[Stored data]
+-------+

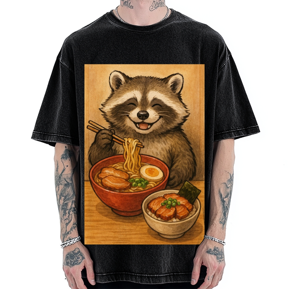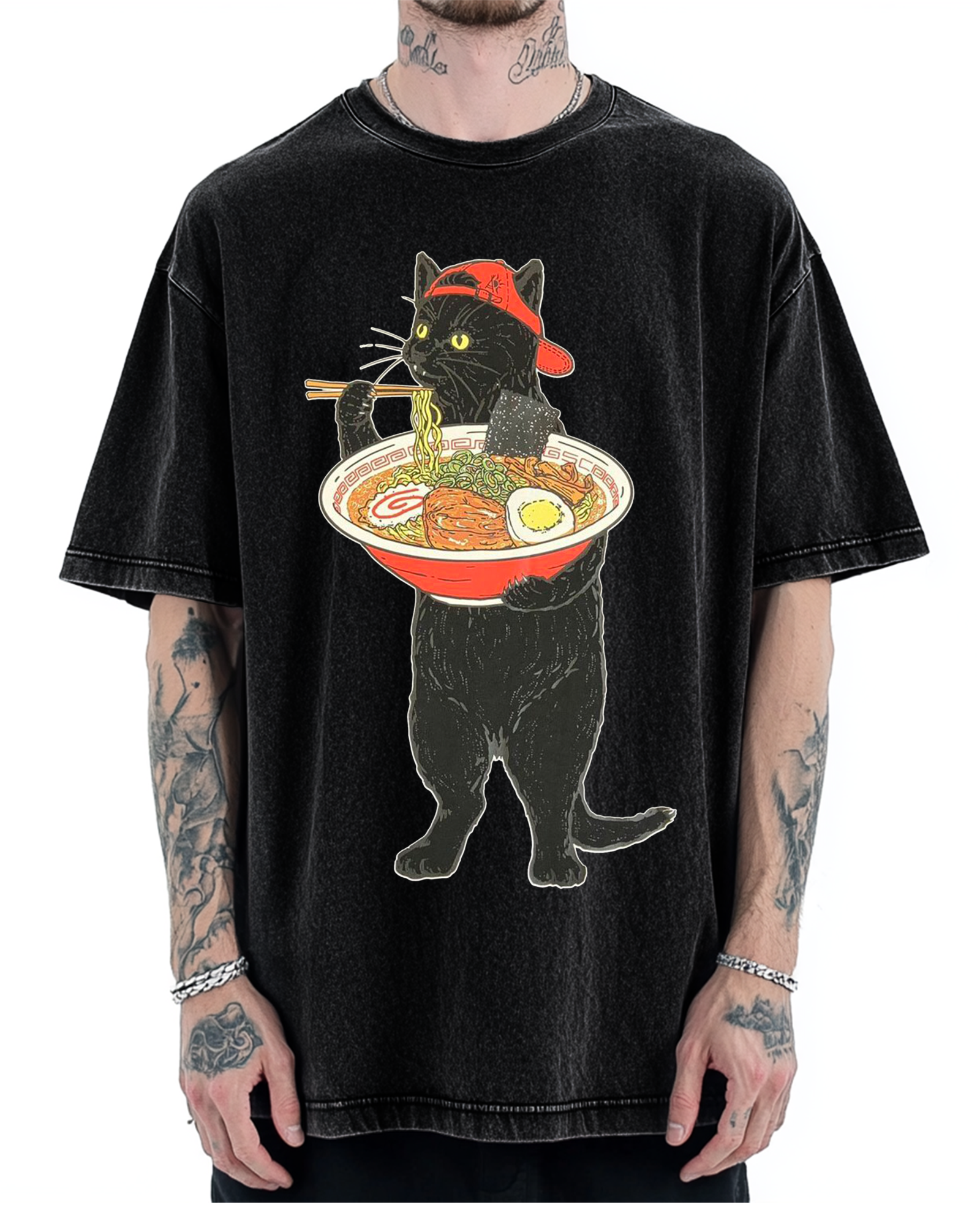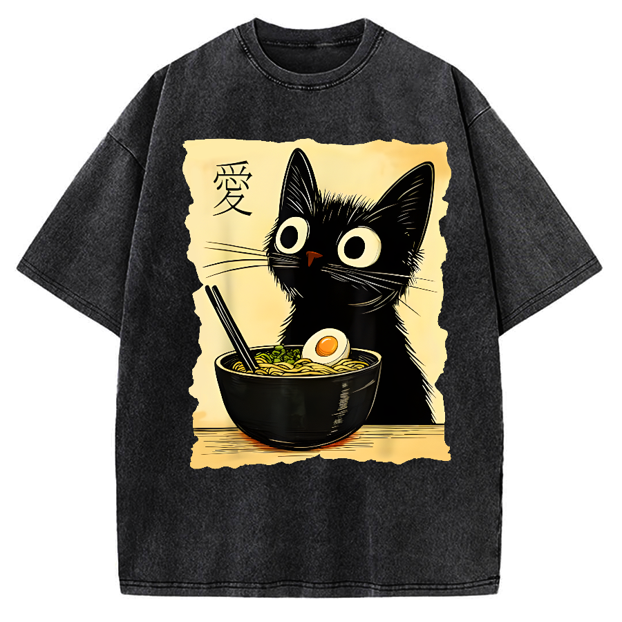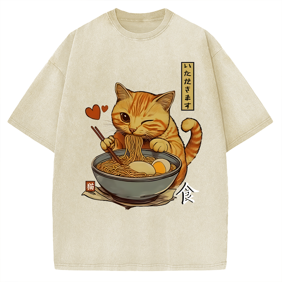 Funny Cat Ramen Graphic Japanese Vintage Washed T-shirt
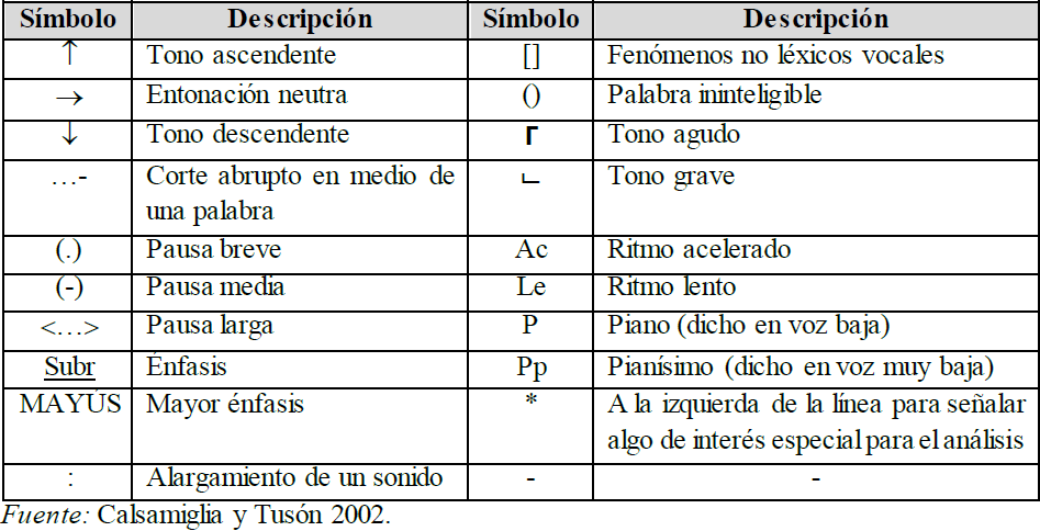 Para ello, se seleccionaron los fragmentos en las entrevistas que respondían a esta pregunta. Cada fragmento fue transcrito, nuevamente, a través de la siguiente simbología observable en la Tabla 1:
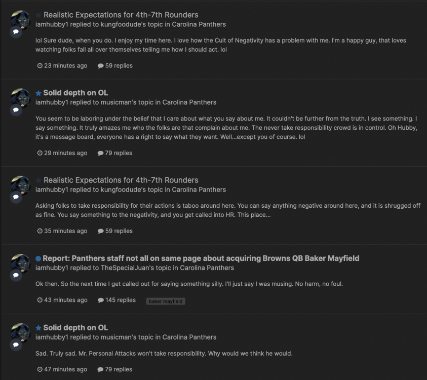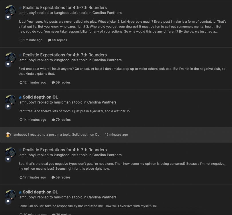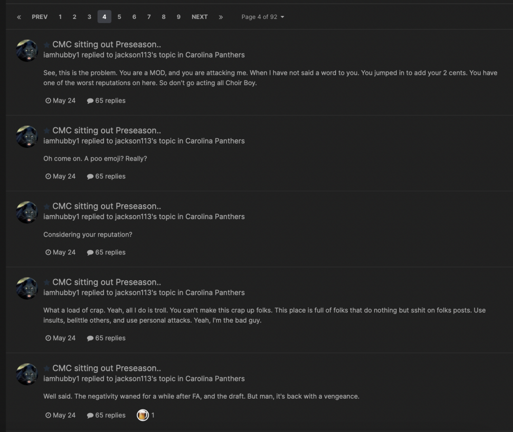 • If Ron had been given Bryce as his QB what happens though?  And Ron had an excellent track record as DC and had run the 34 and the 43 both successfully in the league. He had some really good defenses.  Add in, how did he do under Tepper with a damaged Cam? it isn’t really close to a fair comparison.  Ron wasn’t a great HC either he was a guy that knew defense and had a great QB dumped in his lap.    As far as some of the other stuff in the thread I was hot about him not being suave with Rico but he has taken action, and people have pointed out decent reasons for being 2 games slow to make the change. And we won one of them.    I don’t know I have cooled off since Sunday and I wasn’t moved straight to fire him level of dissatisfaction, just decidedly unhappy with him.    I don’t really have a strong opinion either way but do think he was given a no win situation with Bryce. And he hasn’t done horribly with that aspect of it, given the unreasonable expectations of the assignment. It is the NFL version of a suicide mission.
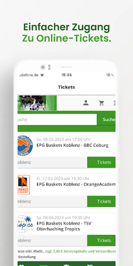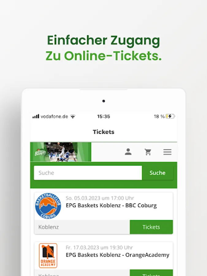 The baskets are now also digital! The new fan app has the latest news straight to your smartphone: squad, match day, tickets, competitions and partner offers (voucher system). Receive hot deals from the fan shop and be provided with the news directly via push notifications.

+-------+

[Aim of the task]
Repeat the exact lines from the first line of the data through the line containing "Para ello, se". Nothing else, no pictures.

[Solution below]
 Funny Cat Ramen Graphic Japanese Vintage Washed T-shirt
 Para ello, se seleccionaron los fragmentos en las entrevistas que respondían a esta pregunta. Cada fragmento fue transcrito, nuevamente, a través de la siguiente simbología observable en la Tabla 1:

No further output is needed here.